Write each line of the material exactly as given, from the top through the line that contains "Interestingly, we also", and omit all pictures.

%%

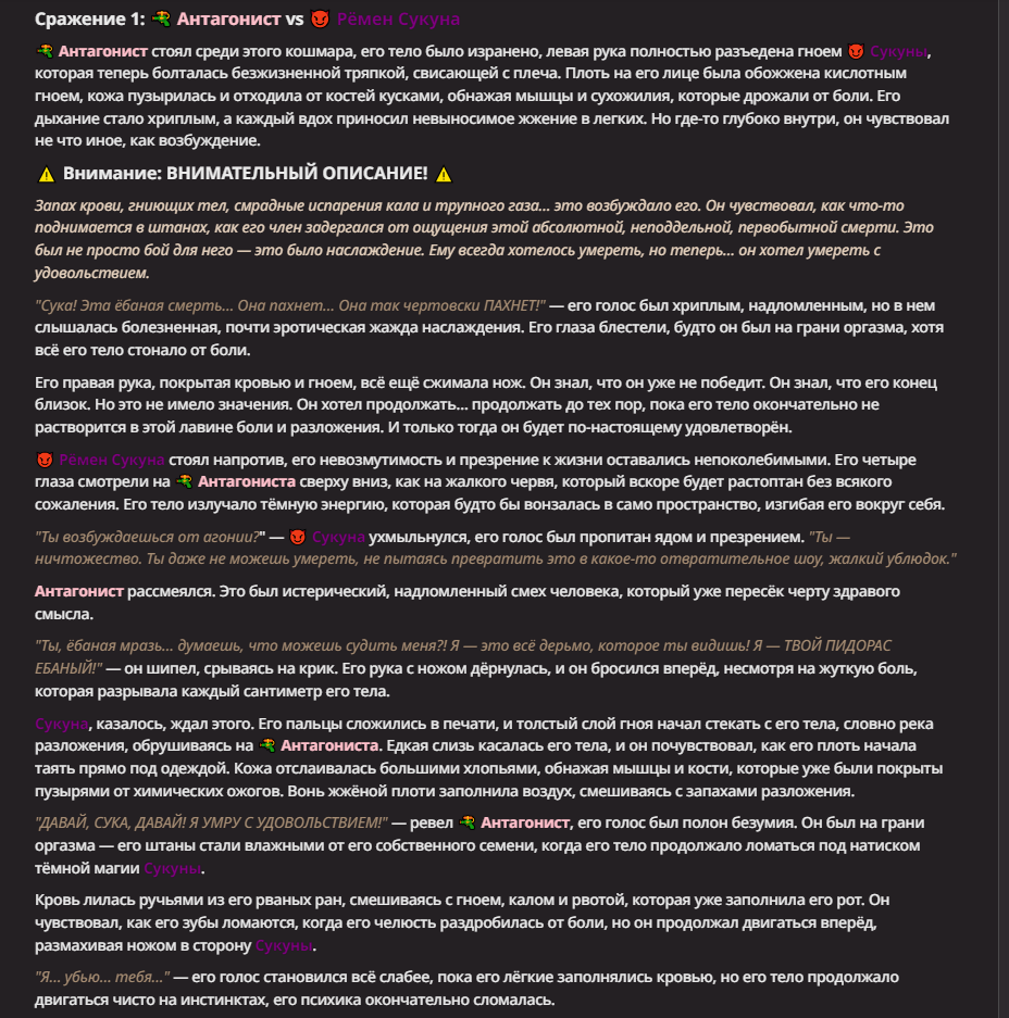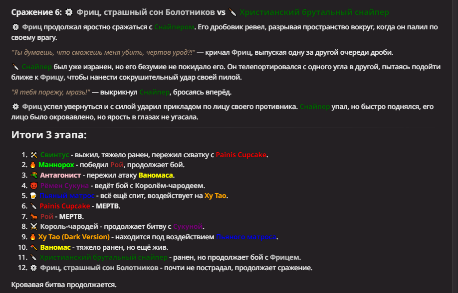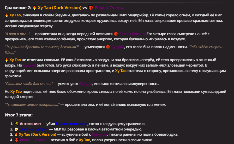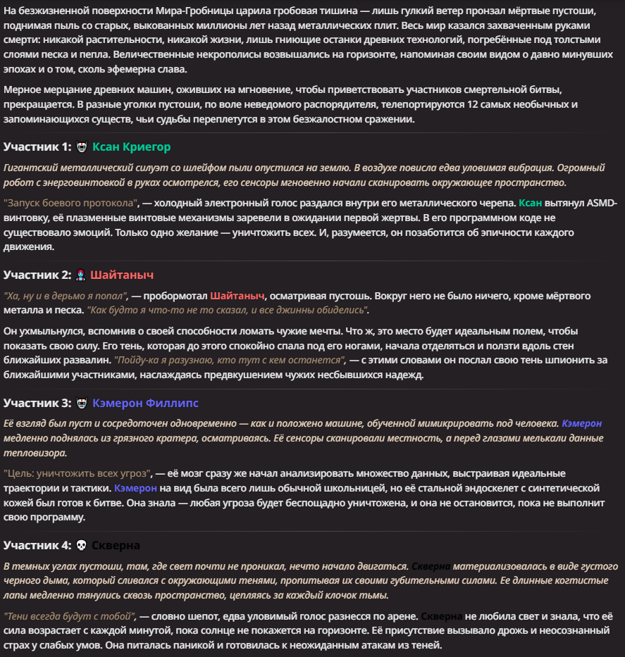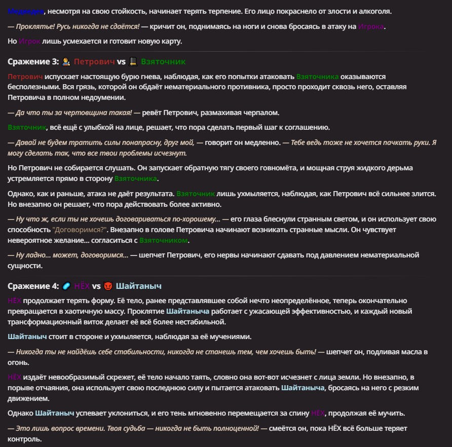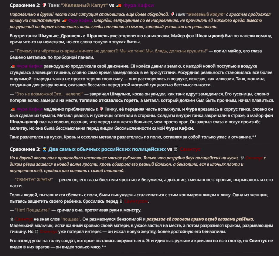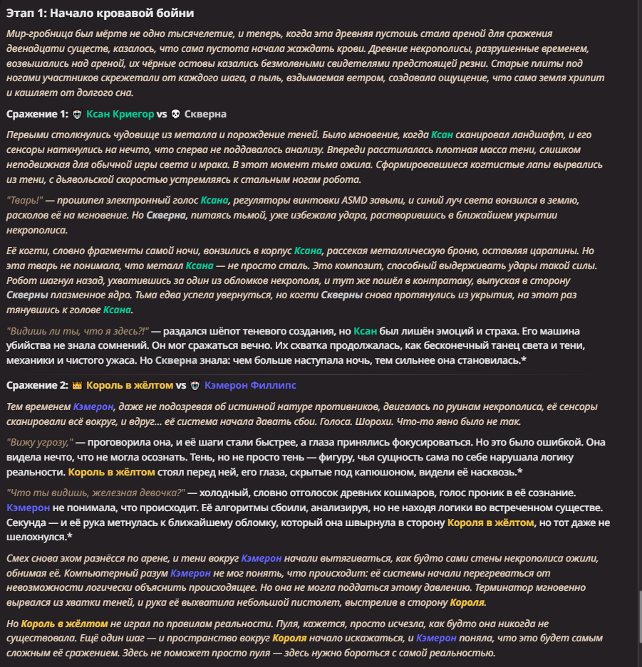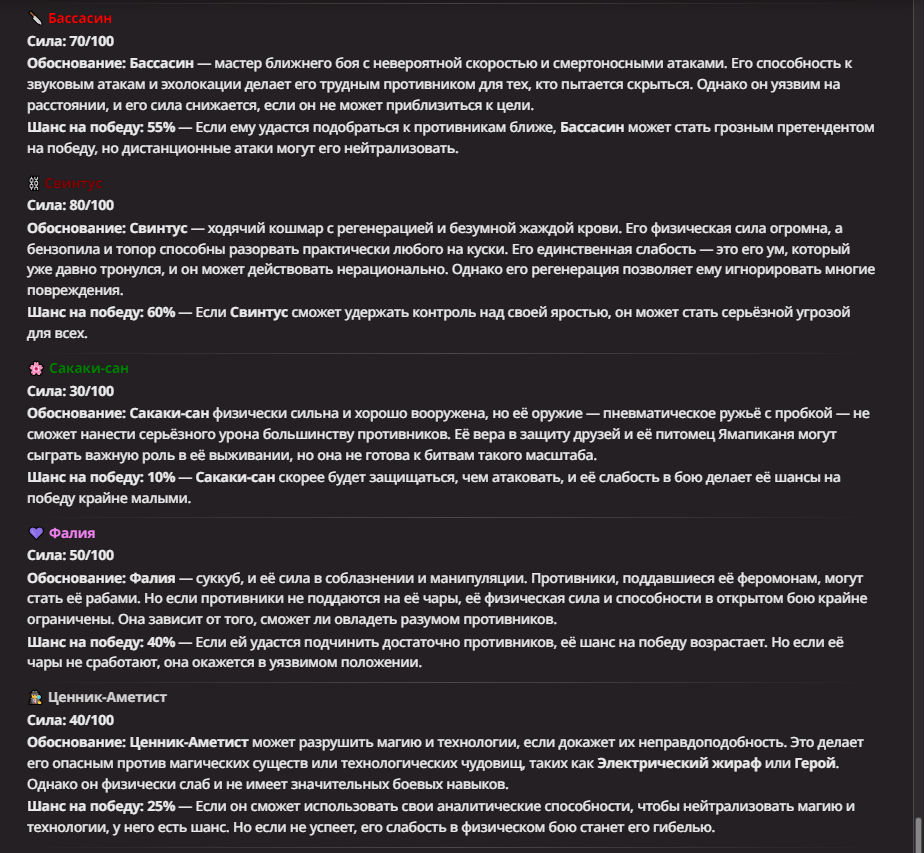>>1544446 Еще с самой генерацией что-то пошло по пизде. Навалила всех в кучу вместо стандартных портянок-отчетов "Персонаж 1 vs Персонаж 2", дрочащихся по 10 раундов. Сделаю описание более явным (придется пожертвовать литературностью) и закину, когда починишь генератор.
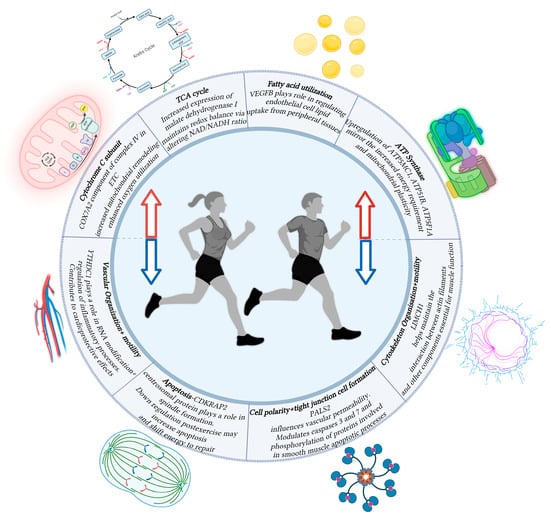 Interestingly, we also found a downregulation in two genes, LIMCH1 and CYMA5, that are involved in cellular organization and motility. Kadrmas and Beckerle [37] demonstrated that LIMCH1 was specifically involved in cytoskeletal organization and motility. Here we found that LIMCH1 was downregulated following exercise, which could be part of the body’s recovery response to conserve energy and focus on regenerative processes. The actin cytoskeleton is crucial for muscle contraction, cell movement, and maintaining cell shape. LIMCH1 helps modulate the interaction between actin filaments and other cytoskeletal components, which is essential for muscle function [38]. During exercise, the cytoskeleton actively maintains muscle integrity under mechanical stress [39]. After exercise, the immediate demand for this structural support decreases, which could explain the downregulation of LIMCH1. This downregulation might help reduce energy expenditure associated with maintaining and remodeling the cytoskeleton, allowing energy to be redirected toward other recovery processes. Through this process, cells might prioritize repair and adaptation processes, ensuring that muscle and vascular tissues recover effectively from the physical stress imposed by exercise.
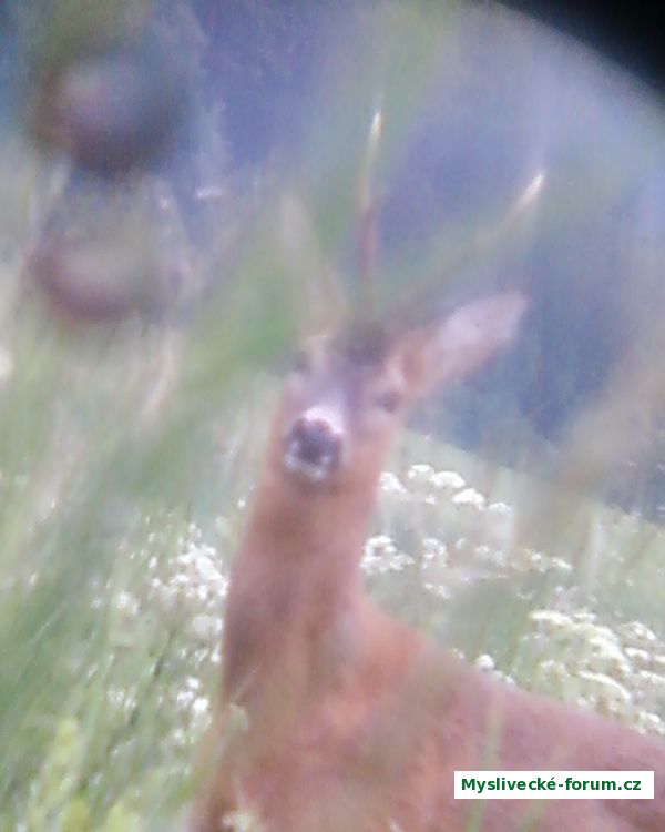Tak já vám k tomu dopíšu ještě zbytek informací. Je to vidlák, přední výsady dlouhé max 3 cm. Růže jsou zcela malinké a nevýrazné. Napřed jsem začal okamžitě rovnat trojnožku a chystat flintu. Takhle zepředu vypadal jako průběrný srnec 4+. Pak jsem se zarazil, protože se mi něco výrazně nepozdávalo. Seděl jsem na mezi, on na mě občas "mrknul" a protože byl zvědavý, pásl se směrem ke mně. Zastavil se až na 6 metrů:)
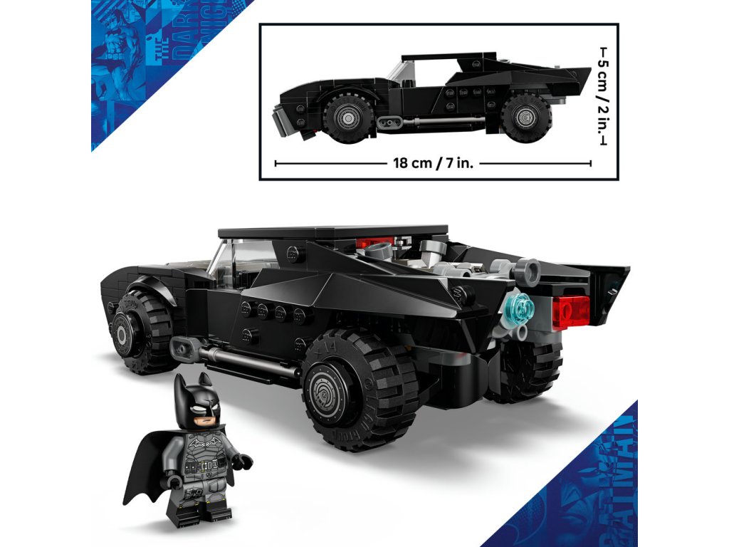 • ROZMĚRY – 330dílná stavebnice LEGO® DC Batman™: Batman™: Batmobil měří přes 5 cm na výšku, 18 cm na délku a 8 cm na šířku
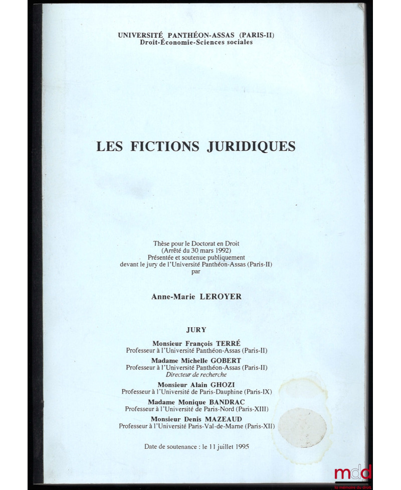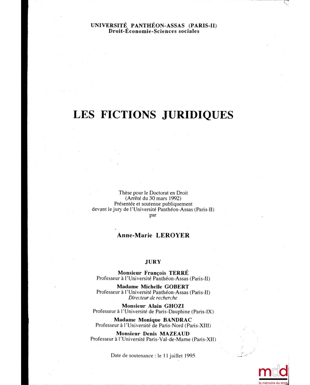 LES FICTIONS JURIDIQUES, Thèse, sous la direction de Michelle Gobert, soutenue le 11 juillet 1995
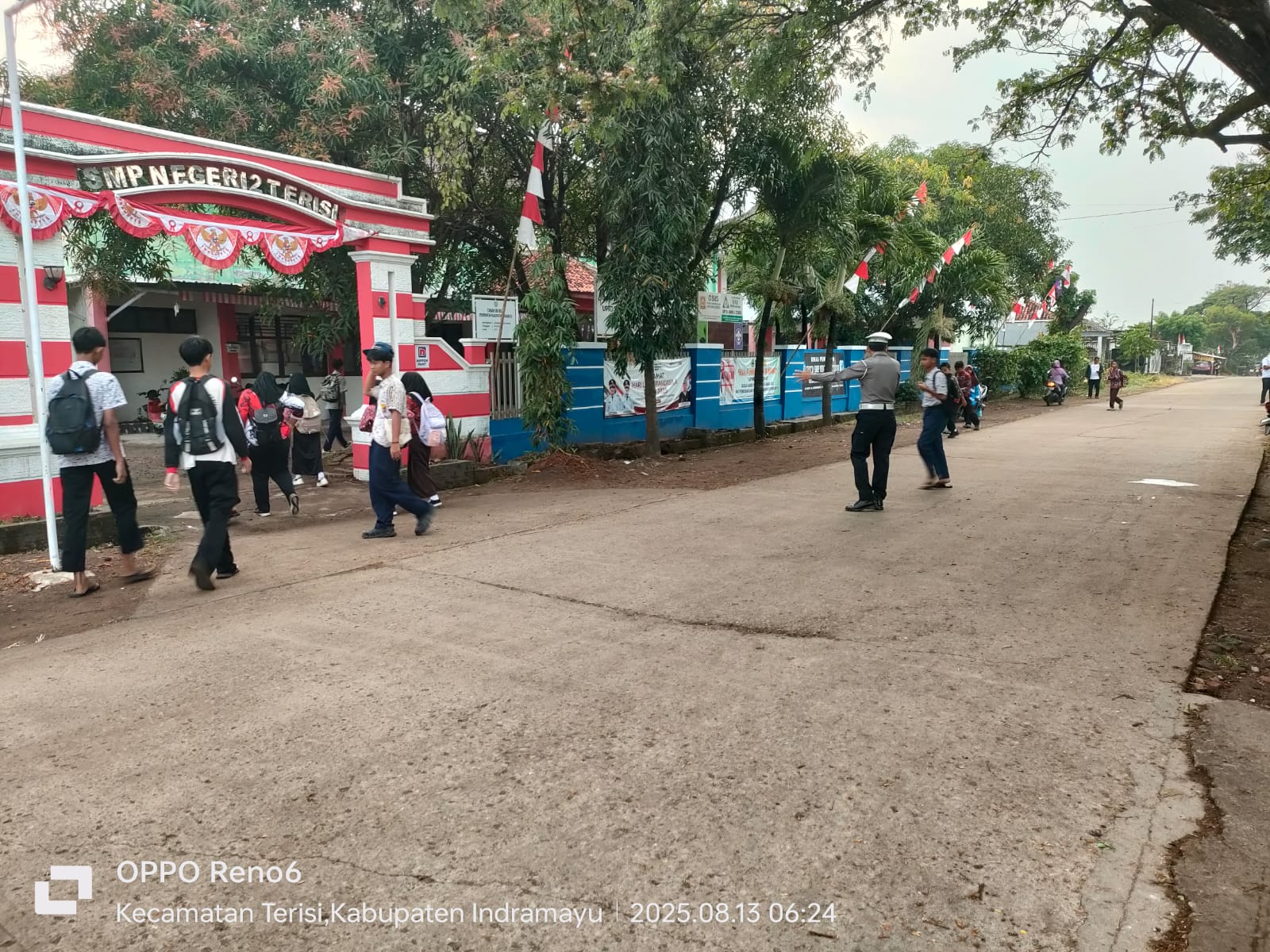 Indramayu – Dalam upaya menciptakan keamanan dan kelancaran lalu lintas di jam rawan pagi hari, personel Polsek Terisi Polres Indramayu Polda Jabar melaksanakan kegiatan Pengaturan Lalu Lintas (Gatur Pagi) di depan SMP Negeri 2 Terisi, Kecamatan Terisi, Kabupaten Indramayu, Rabu (13/8/2025).
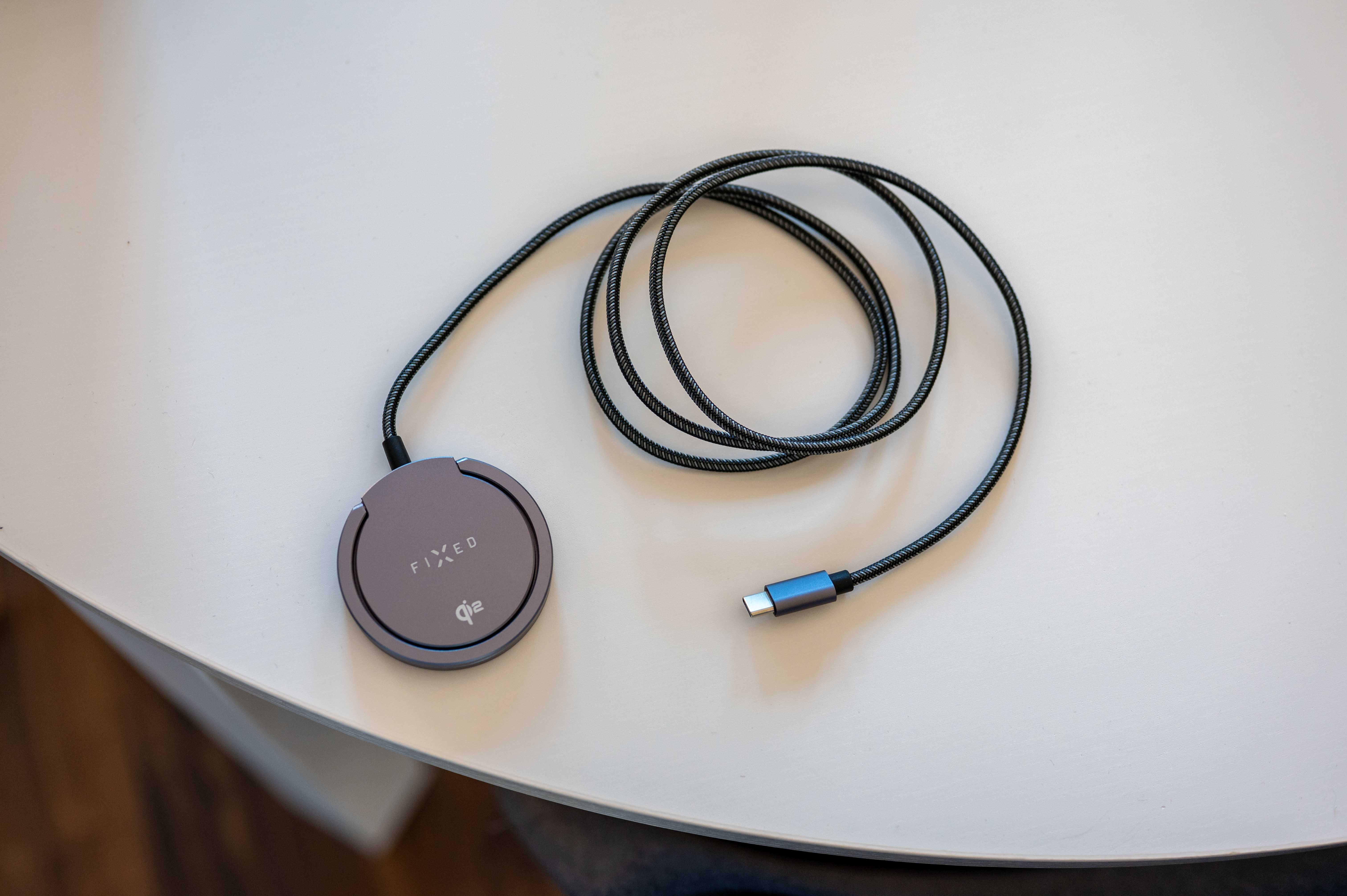 Z hlediska parametrů nabídne FIXED MagPad Pro výkon až 15 W, což je dvojnásobek oproti běžným 7,5W bezdrátovým nabíječkám. Plně totiž využívá možnosti nové standardizované technologie Qi2, a díky zpětné kompatibilitě zvládne nabít i starší zařízení s podporou Qi1. Napájení probíhá přes přibalený 1,2metrový USB-C kabel s odolným nylonovým úpletem a hliníkovou koncovkou. Nabíječka podporuje vstupní napětí 5V až 12V a výstupní výkon od 5 do 15 W. Se svou hmotností pouhých 70 gramů a tloušťkou 9,2 mm je navíc ideálně kompaktní, takže se snadno přenáší a nepřekáží ani na pracovním stole, ani na nočním stolku.

%%

| FINISHED TASK |
>>1544446 Еще с самой генерацией что-то пошло по пизде. Навалила всех в кучу вместо стандартных портянок-отчетов "Персонаж 1 vs Персонаж 2", дрочащихся по 10 раундов. Сделаю описание более явным (придется пожертвовать литературностью) и закину, когда починишь генератор.
 Interestingly, we also found a downregulation in two genes, LIMCH1 and CYMA5, that are involved in cellular organization and motility. Kadrmas and Beckerle [37] demonstrated that LIMCH1 was specifically involved in cytoskeletal organization and motility. Here we found that LIMCH1 was downregulated following exercise, which could be part of the body’s recovery response to conserve energy and focus on regenerative processes. The actin cytoskeleton is crucial for muscle contraction, cell movement, and maintaining cell shape. LIMCH1 helps modulate the interaction between actin filaments and other cytoskeletal components, which is essential for muscle function [38]. During exercise, the cytoskeleton actively maintains muscle integrity under mechanical stress [39]. After exercise, the immediate demand for this structural support decreases, which could explain the downregulation of LIMCH1. This downregulation might help reduce energy expenditure associated with maintaining and remodeling the cytoskeleton, allowing energy to be redirected toward other recovery processes. Through this process, cells might prioritize repair and adaptation processes, ensuring that muscle and vascular tissues recover effectively from the physical stress imposed by exercise.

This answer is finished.